Purpose: To see if you can make a candle out of a crayon.

The cheap tri-fold display board went on to walk the judges through the complexities of the wildly underwhelming experiment. A Post-it Note probably would have sufficed. Here’s the project in a nutshell:

Hey, do you think we can make a candle out of a crayon?

Yeah, probably.

OK, let’s cut a groove along the crayon and stick in a bit of string for a wick.

Got it. Now what?

Light it on fire.

Sure thing.

Did it work?

Not really.

… Neat.

Shockingly, no one from the Nobel Prize committee came knocking on my door.

In retrospect, the real experiment I conducted was determining the minimum amount of effort required for a passing grade. In that regard, it was a roaring success, with WAX just squeaking past the “good-enough” threshold.

My mastery of mediocrity extended beyond lacklustre contributions to the scientific community. Poetry competitions were another annual tradition at my elementary school. The events challenged students to recite memorized rhymes while simultaneously trying not to pee themselves from the sheer terror of being in a gymnasium filled with parents and other bored relatives.

One year, to reduce the risk of whizzing my pants at school again, I scoured the library for the shortest allowable poem I could find. The content of the piece was largely irrelevant. I simply needed something that met the minimum 16-line requirement. Thumbing through a few books, I soon found one that fit the bill and got to work memorizing the brief ballad.

But as the day of the recital drew closer, I started to pay more attention to what I was rehearsing. Indeed, the more I read it, the more I thought the ending was rather… abrupt. I can’t remember what the actual poem was about, but it would be like watching Star Wars and having the credits roll in the middle of Obi-Wan and Darth Vader’s fight scene. It just didn’t make sense.

And then I turned the page.

My heart sank to the floor. The poem continued for another 16 lines. And while the narrative arc certainly made much more sense, I now only had half the poem memorized with the recital just around the corner.

I had two options. One: alert my teacher of my discovery and work my butt off to memorize the rest of the poem. Or two: pretend I hadn’t seen the second page, get on stage, and deliver a bizarre, half-baked poem with a cliff-hanger ending.

Considering my science project, you can probably guess which route I chose…

The rewards of hard work

Satisfactory is hardly satisfying. Yes, my science project met the requirements needed for a passing grade. Ditto for my poetry recital. But what did I really get out of that work?
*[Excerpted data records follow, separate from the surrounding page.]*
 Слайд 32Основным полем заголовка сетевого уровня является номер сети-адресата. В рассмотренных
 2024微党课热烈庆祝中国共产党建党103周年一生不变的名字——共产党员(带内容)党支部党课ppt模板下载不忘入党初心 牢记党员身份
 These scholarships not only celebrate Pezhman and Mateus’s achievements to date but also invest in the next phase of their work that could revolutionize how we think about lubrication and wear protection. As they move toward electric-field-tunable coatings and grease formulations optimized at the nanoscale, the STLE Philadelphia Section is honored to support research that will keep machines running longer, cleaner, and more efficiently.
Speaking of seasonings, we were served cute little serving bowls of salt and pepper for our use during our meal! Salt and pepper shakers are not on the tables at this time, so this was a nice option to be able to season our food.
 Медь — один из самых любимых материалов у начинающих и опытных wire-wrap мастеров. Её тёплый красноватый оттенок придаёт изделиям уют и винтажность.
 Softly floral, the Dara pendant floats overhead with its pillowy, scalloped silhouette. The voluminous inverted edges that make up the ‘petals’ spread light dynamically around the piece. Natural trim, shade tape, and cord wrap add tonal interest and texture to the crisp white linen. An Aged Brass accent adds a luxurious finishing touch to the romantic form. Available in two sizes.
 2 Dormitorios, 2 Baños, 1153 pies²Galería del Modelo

By contrast, I look back at another science project I did in elementary school — this one on constellations. For that assignment, I buried my nose in piles of books, pored over astrological maps and devoted weeks to learning about the stars in the sky. Decades later, I can still pick out a slew of constellations and can tell you the mythology behind them.

When I lived in Taiwan, I met a fellow ESL teacher who was learning Chinese like a boss. I remember someone asking him what his secret was. His response? “I spend two hours a night studying and practising.”
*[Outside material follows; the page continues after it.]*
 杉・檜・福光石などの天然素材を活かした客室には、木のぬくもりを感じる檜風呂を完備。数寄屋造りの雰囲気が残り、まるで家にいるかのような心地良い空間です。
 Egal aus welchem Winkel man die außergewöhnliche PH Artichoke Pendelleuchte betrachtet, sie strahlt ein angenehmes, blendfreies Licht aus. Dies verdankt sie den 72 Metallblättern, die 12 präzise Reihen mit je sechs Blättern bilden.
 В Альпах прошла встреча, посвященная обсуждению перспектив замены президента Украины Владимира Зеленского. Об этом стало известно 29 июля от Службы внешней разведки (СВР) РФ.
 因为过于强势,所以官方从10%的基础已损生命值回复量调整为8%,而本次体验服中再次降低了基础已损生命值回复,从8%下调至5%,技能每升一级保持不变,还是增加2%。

It comes down to the amount of work you’re willing to put into something. More often than not, the difference between good and great isn’t a mind-blowing idea, raw talent, fancy gear or getting lucky. It’s simply the effort behind it.

The results are obvious. The more effort I put in on a blog post, the more visits I get to my website that week. The more training I put in, the better I perform in a trail race. The more time I spend gathering firewood, the bigger the bonfire on the beach.

Crossing off an item on my to-do list is a great feeling. Crossing off an item that I know I’ve done well is even more satisfying. Sure, there are times when I only have time or energy to give a task a lick and a promise. But I try not to let the bare minimum become my default setting. So dig deep. Take the time to give that screw one extra twist, push through the pain in your legs on your next run, rehearse that presentation a few more times before going to bed.

Because when it comes to external results and internal satisfaction, the secret is simple: you get what you put in.